While corporate and government officials eagerly pit many relatively prosperous North American workers against poverty-wage workers overseas and allow migrant workers to further depress pay at low-wage jobs, they simultaneously erect barriers to prevent foreign professionals like doctors and lawyers from practicing in the United States. The added costs to Americans of protectionism in these politically influential professions—though they may well be justified for non-economic reasons—dwarf those caused by more controversial protections like U.S. tariffs on steel imports. In our society, political power determines where markets will or will not be free.

Such market distortions also occur in many retail markets. In October, the Consumers Union issued a lengthy report showing that independent pharmacies beat chain competitors on price, service and overall satisfaction. So why have chain drug stores displaced more than one thousand independent shops in the past decade?

Government discrimination is a significant factor. For example, Pennsylvania’s health plan for state workers mandates that they fill prescriptions at Rite Aid or via online vendors. Where are those Republicans who so vocally object to “limiting choice” when it’s small businesses that are disadvantaged? Independent pharmacies also suffer under federal bias such as Congress’ prohibition on Internet sales tax, which forbid states from treating local business and mail order or Internet vendors equally. As a result, local businesses must compete against an effective federal subsidy of 4 to 6 percent in most states.

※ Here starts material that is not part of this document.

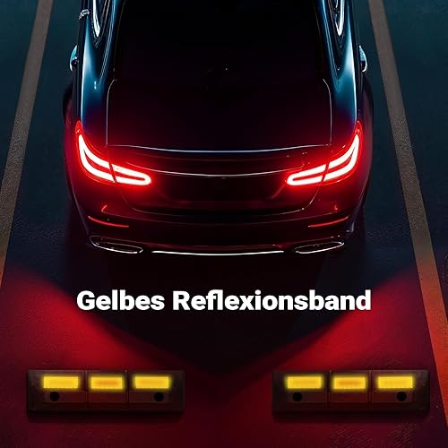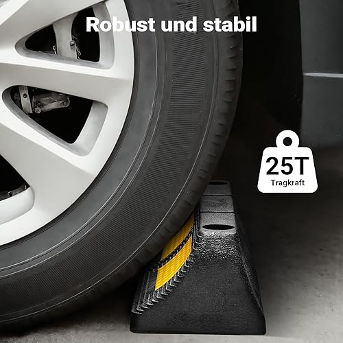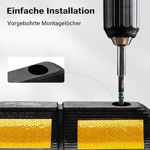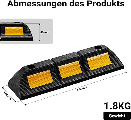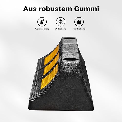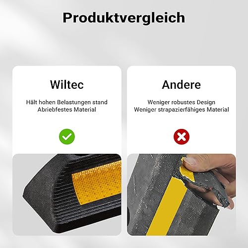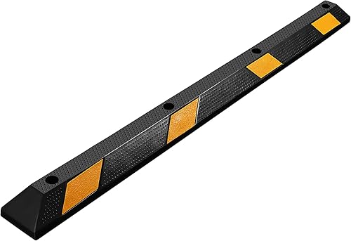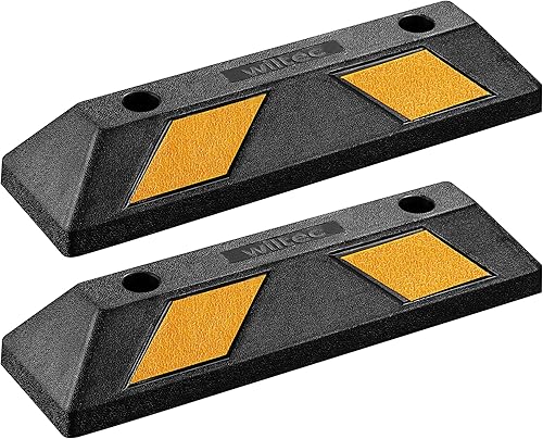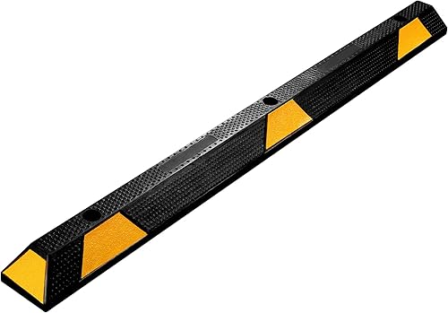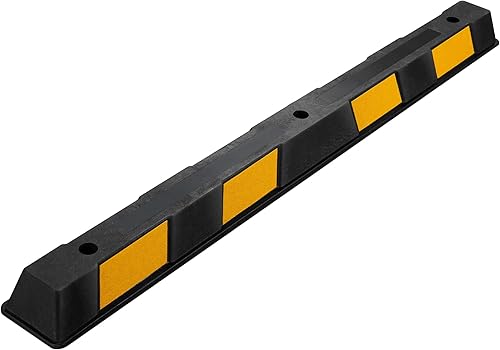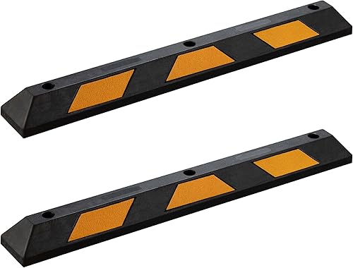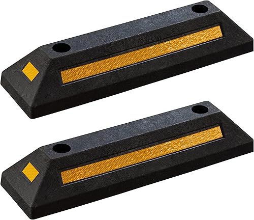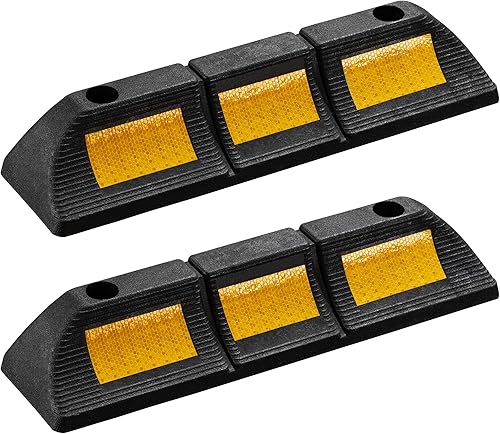 Wiltec Radstopper 56 x 15 x 10 cm, 2x Einparkhilfe aus Gummi, Parkplatzbegrenzung mit gelben Reflexionsstreifen & Schraubrillen, Parkplatzsperre für Garage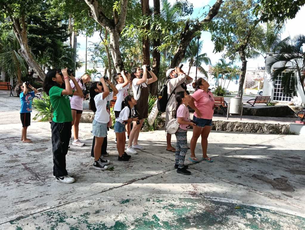 En ésta ocasión en la actividad “Chipes Mangleros de Cozumel”, un grupo de niñas y niños del programa “Sal a Pajarear Yucatán”, realizaron una salida de observación de aves en el parque del Adulto Mayor, en donde pudieron conocer más acerca de las especies migratorias de aves que visitan la isla de Cozumel.

While the core reason for citizens to reject the FTAA is the ongoing attempt to rewrite international commerce rules in ways that trump democracy, citizens should not concede the premise of its title. We should shift debate to democratic terms and reject language that stacks the deck against us. Too bad “we want democracy, not corporate rule” doesn’t make much of a chant.

Jeff Milchen is the founder of ReclaimDemocracy.org, a non-profit organization dedicated to restoring democratic authority over corporations. This article first appeared in Tom Paine.com.